En un contexto donde las series ya no se limitan a entretener, sino que procuran formar parte del recorrido personal del espectador, Ladrones: La tiara de Santa Águeda (2025) decide apartarse con elegancia de la tendencia y tomar un camino menos transitado: el del entretenimiento sin culpa, sin profundidad y, sobre todo, sin dobleces. Lejos de enredarse con dilemas morales, la serie prefiere recuperar el espíritu despreocupado de aquellas aventuras románticas que hacían del crimen una coreografía y de la acción una excusa para que el amor entrara por la puerta trasera. Aquí, los ladrones son sofisticados, las emociones están perfectamente medidas y la isla paradisíaca funciona como un tablero tropical donde se juega todo sin que nada realmente importe.
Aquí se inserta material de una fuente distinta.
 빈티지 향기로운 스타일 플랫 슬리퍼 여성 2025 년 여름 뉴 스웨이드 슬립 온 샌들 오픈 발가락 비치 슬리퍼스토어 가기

Detrás del proyecto están Verónica Marzá, Pablo Roa y Fernando Sancristóbal, nombres ya curtidos en el engranaje de las plataformas, que entienden que el drama se puede omitir siempre que la espectacularidad sea suficiente para mantener al espectador enganchado. Y si no alcanza, siempre hay una explosión, un beso o un plano aéreo para llenar el vacío.
Amber (Silvia Alonso) y Rui (Álex González) forman una dupla de ladrones de elite con historia compartida y heridas mal cerradas. Tras un golpe fallido en Las Vegas y una separación con presunto cadáver de por medio, ella lo cree muerto, él regresa sonriente y con planes propios. El escenario del reencuentro es una isla privada donde Amber, ahora infiltrada como institutriz en la boda de la hija mexicana de un magnate (Asier Etxeandia), planea robar una tiara valuada en 240 millones de dólares. Pero claro, Rui también quiere la joya. Y el botín ya no es sólo el diamante.
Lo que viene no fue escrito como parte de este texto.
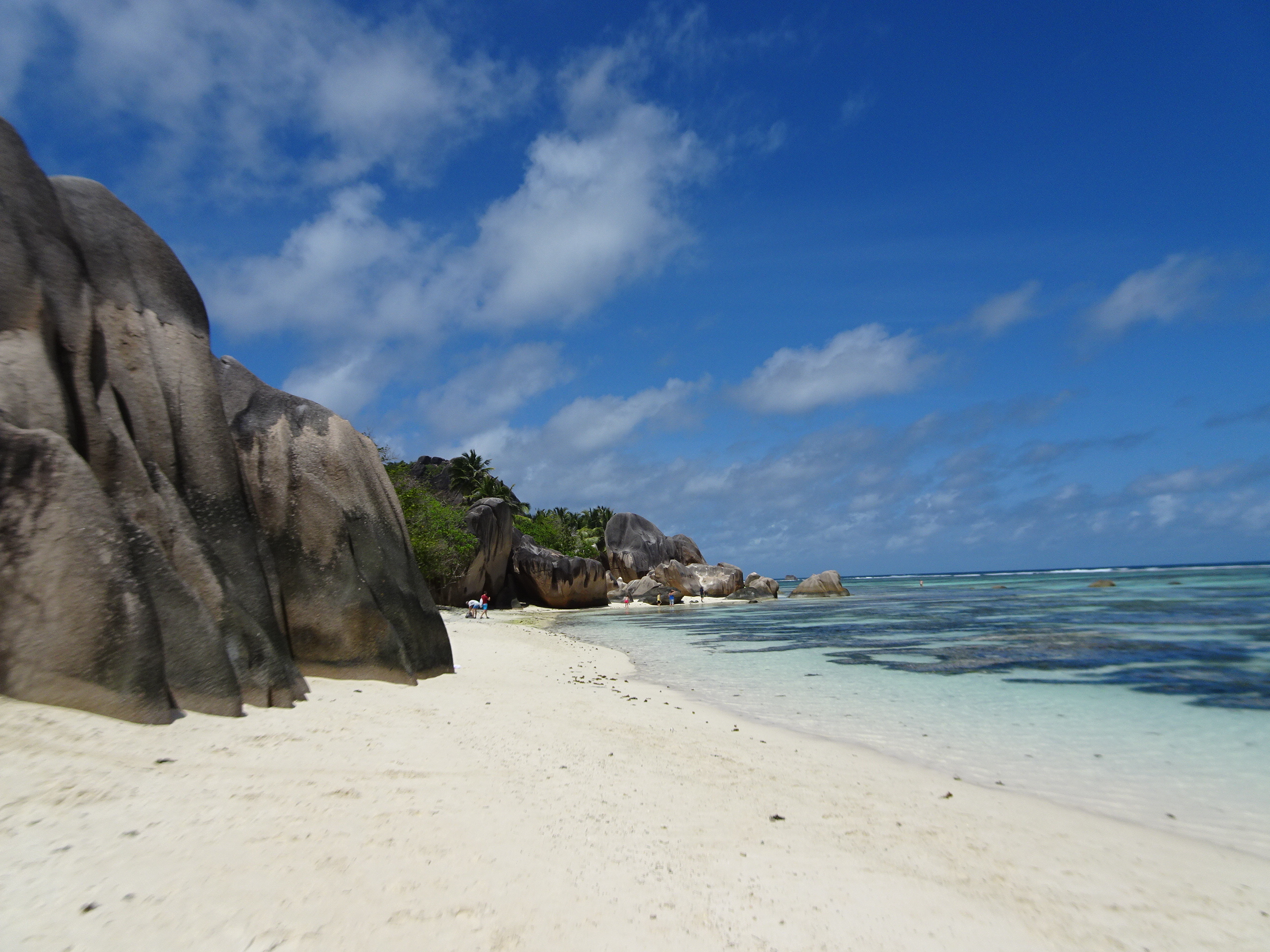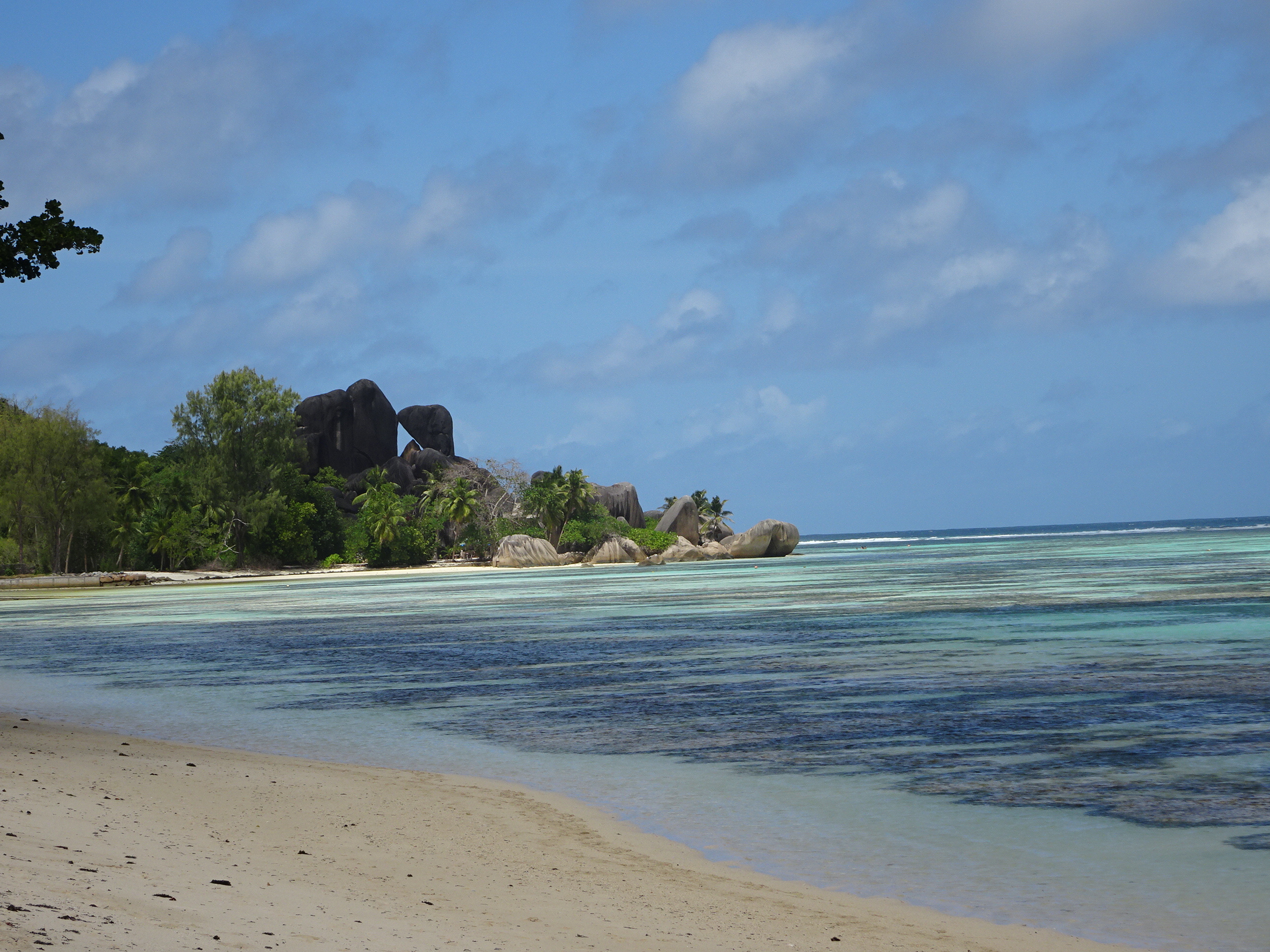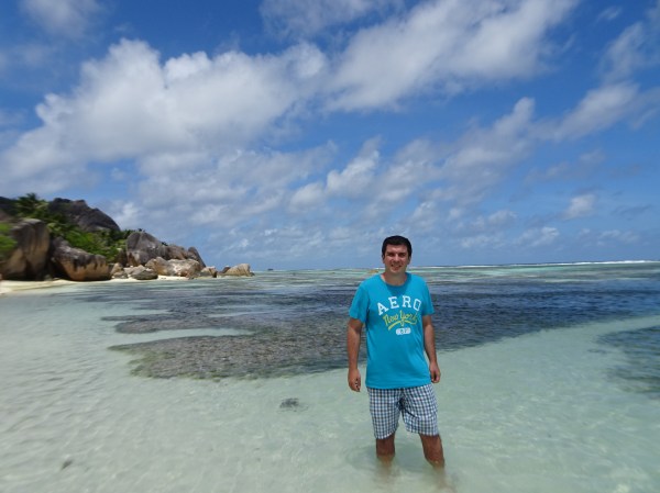 După turul pe domeniu am a ajuns în sfârșit la plajă. Anse Source d’Argent (sursă de bani) iți taie răsuflarea de la prima vedere. Apa are o culoare fantastică iar peisajul de la mal cu bolovani de granit uriași și un nisip alb ca făina este unic. Ne-am așezat pe plajă și am mers direct în apă. Source d’Argent este practic un atol protejat de o barieră de corali aflată cam la un kilometru de mal. Datorită barierei valurile sunt inexistente. Apa se adâncește extrem de lin, trebuind să mergi minute bune pentru a fi acoperit măcar până la brâu. Nu e cel mai grozav loc pentru înotat, dar imaginile sunt fantastice. Am văzut în apă mii de pești colorați inclusiv câțiva mari, care de-abia i-am cuprins în brate. Peștii stau aproape și nu fug și te poți chiar juca cu ei. Cel mai frumos e să te așezi în fund în apă și te uiți în jur cum zeci de pești colorați te înconjoară.

La fórmula no es novedosa, aunque sí funcional. Romance que se enciende y se apaga como las luces de una fiesta VIP, infiltraciones coreografiadas al milímetro, gadgets que harían sonrojar al mismísimo James Bond, y un grupo de aliados improbables que llegan a tiempo, entienden todo al instante y desaparecen antes de complicar la trama. Lo mejor, sin embargo, no está en el guion sino en los cuerpos: Alonso y González sostienen la serie con miradas, silencios y una química que la cámara captura como si fuese lo único real en este juego de apariencias. La isla, como tercer personaje, resulta tan seductora como artificial, y al final del día, tan real como una pantalla verde bien iluminada.
El elenco se completa con la argentina Cumelén Sanz, Albert Baró, Milena Radulovic, Ainhoa Santamaría, Jan Buxaderas y Alicia Jaziz, quienes suman color, ritmo y algún que otro guiño que no llega a transformarse en conflicto. La dirección de Inma Torrente y Alejandro Bazzano apuesta por una puesta en escena eficiente, casi quirúrgica, que evita lo profundo para enfocarse en lo visual. Y funciona, porque nadie vino aquí a pensar demasiado.
La comparación con La casa de papel es inevitable, aunque rápidamente se diluye. Ambas series comparten la estructura del atraco, el montaje trepidante, los personajes con estilo, pero mientras aquella jugaba con la idea del caos como resistencia, esta se conforma con el espectáculo sin consecuencias. No hay máscaras de Dalí ni monólogos existenciales: hay ropa cara, cámaras de seguridad y frases efectistas que valen más por su ritmo que por su contenido. Aquí, el disfraz no es simbólico, es literal.
Ladrones: La tiara de Santa Águeda entiende que lo importante no es sorprender sino entretener, y lo hace con una estética limpia, una banda sonora exacta y una estructura narrativa que evita desviarse del camino conocido. La nostalgia por las aventuras noventosas —Indiana Jones, Sr. y Sra. Smith, incluso alguna escena robada a Misión Imposible— no se esconde, se exhibe con orgullo. Y eso, en cierto punto, es lo más honesto que tiene la serie.
Durante seis episodios, se construye un universo donde todo parece estar diseñado para una campaña de marketing: los besos tienen fondo de atardecer, los drones vuelan en el momento justo, y las traiciones duran lo que tarda en cambiar la música. El guion, lejos de querer ser original, se recuesta con placer en lo familiar. Y el espectador, si no exige demasiado, probablemente también.
Porque en el fondo, Ladrones: La tiara de Santa Águeda no busca cambiar el mundo ni cuestionar nada: solo quiere que le des play. Y si después te olvidás de lo que viste, mejor. Así podés volver a verla y pensar que es nueva.